Latest News :
Selamat Datang di Agenliga.info – Agen Bola Terpercaya
Apabila Anda membutuhkan bantuan, silahkan Hubungi CS yang bertugas!!

Agen Bola - Agen Bola SBOBET - Agen Bola IBCBET - Bola Tangkas - Togel Online

Vincent Kompany: aku bisa saja meninggalkan Man City

Vincent Kompany

Bek Belgia meninggalkan Stadion Etihad selama musim panas, dengan keputusannya untuk menolak kemajuan dari jauh melihat dia menghabiskan 11 tahun di Inggris

Vincent Kompany mengakui bahwa ia bisa saja meninggalkan Manchester City lebih cepat, tetapi pemain Belgia yang setia menolak semua kemajuan dari jauh untuk menjadi legenda bersama The Blues.

Jalan keluar dari Stadion Etihad dilakukan oleh sosok ikonik selama musim panas.

Setelah 11 tahun di sepakbola Inggris, Kompany mengambil keputusan untuk kembali ke tanah kelahirannya dan mengambil peran sebagai pemain-pelatih di Anderlecht.

Dia berjalan pergi sebagai pemenang gelar Liga Premier empat kali, sambil mengklaim treble domestik bersejarah dalam kampanye terakhirnya, tetapi mengakui bahwa dia bisa memotong mantranya ketika berada di puncak kekuasaannya.

Bek 33 tahun, yang sedang mempersiapkan untuk testimonial bertabur bintang di City, mengatakan kepada Sky Sports: “Saya bisa berakhir di klub lain, dan dari empat gelar liga Anda mungkin bisa mengubahnya menjadi delapan, tergantung di klub mana Anda pergi, dan seberapa sukses itu.

“Ini klub yang kompetitif, City. Bukannya Anda bisa duduk selama setahun dan menunggu apa yang terjadi.

“Setiap jendela transfer, setiap enam bulan, Anda bersaing dengan seluruh dunia. Siapa pun yang lebih baik di dunia, mereka memiliki tanggung jawab untuk meningkatkan tim, dan jadi tidak ada yang memberi Anda hadiah untuk tinggal di City selama 11 tahun, Anda harus mendapatkannya selama 11 tahun.

“Melakukan ini, sementara dihalangi oleh tubuhmu, ibuku akan bangga padaku.”

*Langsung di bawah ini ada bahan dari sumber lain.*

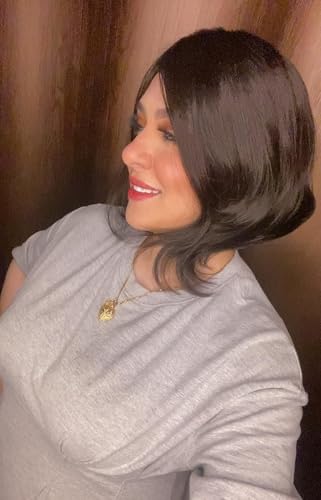 - مزايا التصميم: شعر مستعار صناعي بطول الكتف بتصفيف بطبقات جميلة وغرة جانبية لمظهر عصري وجذاب.

Kompany memainkan peran utama dalam membantu City untuk menjadi negara adidaya seperti sekarang ini, dengan jasanya telah diperoleh dari Hamburg sebelum kedatangan miliaran Sheikh Mansour.

Dia benar bangga dengan semua yang dia raih, dengan klub yang tersisa dalam kondisi yang jauh lebih baik daripada ketika dia tiba.

“Saya tahu saya memainkan peran dalam membentuk budaya klub, dan mungkin masa depan klub, dan itu sangat berarti,” tambah Kompany.

“Tidak banyak klub di mana kamu bisa melakukannya seperti ini. Itu adalah perjalanan yang istimewa.

“Pemilik datang, dan mereka adalah pemilik yang memberi Anda waktu untuk membangun, jenis pemilik yang sempurna untuk klub. Begitu banyak yang datang dan berkata mereka akan menumpuk uang, menjadi sukses, tetapi tidak pernah mencapainya.

“Kelompok kepemilikan itu datang dan berkata bahwa mereka akan membangun rencana dan visi, dan adakah yang meragukan mereka melakukan itu?

“Tidak semuanya buruk ketika saya tiba, kami harus mengubah beberapa pemain untuk menjadi tim yang menang, tapi itu adalah klub yang hebat dengan sejarah yang fantastis, dan saya pikir itu hal yang saya coba untuk terus bagikan.”

Di antara pengalaman yang lebih mengesankan yang diambil Kompany selama waktunya dengan City adalah pemenang gelar dramatis Sergio Aguero pada 2012 dan upayanya yang menakjubkan melawan Leicester yang membantu menyegel mahkota lainnya pada 2019.

Kompany menambahkan: “Mode khas City adalah kehilangan permainan [melawan QPR] dan meledakkannya. Itulah yang dimaksud City pada masa itu. Sekarang City biasanya ditentukan oleh momen Kun Aguero, Anda tidak menyerah, Anda kembali dan memenangkan pertandingan.

“Apakah tujuan saya melawan Leicester lebih penting? Tujuannya lebih penting! Milik saya, nampak lebih baik, yang saya tidak pernah mengira akan memilikinya!